🫄 INFANiTE: Implicit Neural representation for high-resolution Fetal brain spatio-temporal Atlas learNing from clinical Thick-slicE MRI
Figure 1. Visual comparison of INFANiTE vs. baselines across gestational ages (axial / sagittal / coronal).
Figure 2. Atlas-derived tissue-volume trajectories compared with normative models (mean with ±1–3 SD bands).
INFANiTE is a physics-informed Implicit Neural Representation (INR) framework designed to build high-resolution spatio-temporal fetal brain atlases directly from clinical thick-slice MRI. By unifying reconstruction and atlas construction into a single learning paradigm, it avoids multi-stage pipelines that rely on intermediate 3D volumes.

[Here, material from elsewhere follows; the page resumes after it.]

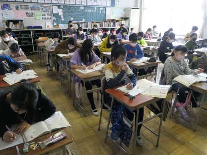 今日の算数の時間は、問題を分かりやすくするために表に書いて考えていました。表に書くと、変わり方がよくわかります。表に書いて整理しながら文章問題の解答を求めていました。
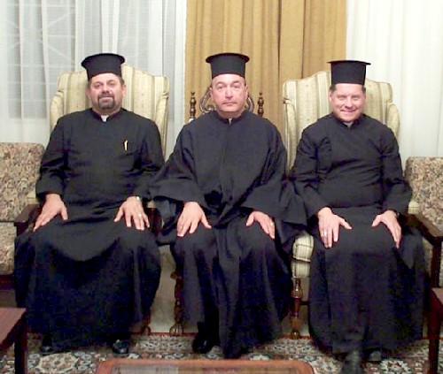 I was accompanied to Amman by Fr. Jim Profota, a seminary classmate of mine and a priest of the Archdiocese of Detroit. He is on my right. On my left, is Fr. Emad Al-Shaikh, of the Syriac Rite Community of Our Mother of Perpetual Help that meets on our Parish Campus at Santa Sophia in Spring Valley. Do you think we can "cut it" as Greek Catholic Priests??

The result is fast generation of sharp, biologically plausible atlases suitable for population-level analysis.
Figure 3. Overview of the proposed framework INFANiTE.
The framework consists of three main stages:
-
(a) Slice-to-Template Registration
Raw thick-slice stacks are rigidly aligned into a common coordinate space (atlas space). -
(b) INR Training
An INR network is trained to map 3D coordinates → intensities, incorporating PSF modeling and spatial weighting to recover sharp anatomical details directly from the aligned slices. -
(c) Atlas Generation
The trained network is queried without PSF simulation (PSF-free inference) at arbitrary coordinates to reconstruct the final high-resolution 3D atlas.
-
🎞️ Direct Thick-Slice Registration
Aligns raw thick-slice stacks directly in atlas space, bypassing SVR and avoiding reconstruction-induced artifacts. -
🧠 Physics-Informed PSF Modeling
Incorporates Point Spread Function (PSF) and a spatially-weighted optimization objective to recover sharp anatomical details despite low through-plane resolution. -
🚀 End-to-End Acceleration
Removes SVR and iterative groupwise registration, cutting runtime from days to hours. -
💪 Robustness & Fidelity
Outperforms strong baselines (e.g., SyGN, CINeMA) in consistency and quality, and remains reliable under sparse inputs (e.g., single-stack).
conda create -n INFANiTE python=3.10 -y
conda activate INFANiTE
pip install -r requirements.txtStep 1: Slice-to-Template Registration
You first need to perform slice-to-template registration to obtain aligned, isotropic thick-slice volumes in NIfTI format (*.nii.gz).
Registration code is coming soon. Assuming you already have the aligned thick-slice volumes and segmentations:
Step 2: Build a spatial weighting map W(x)
Construct the spatial weighting map W(x) following the idea in spatial_weighting.py. See spatial_weighting.py for full details.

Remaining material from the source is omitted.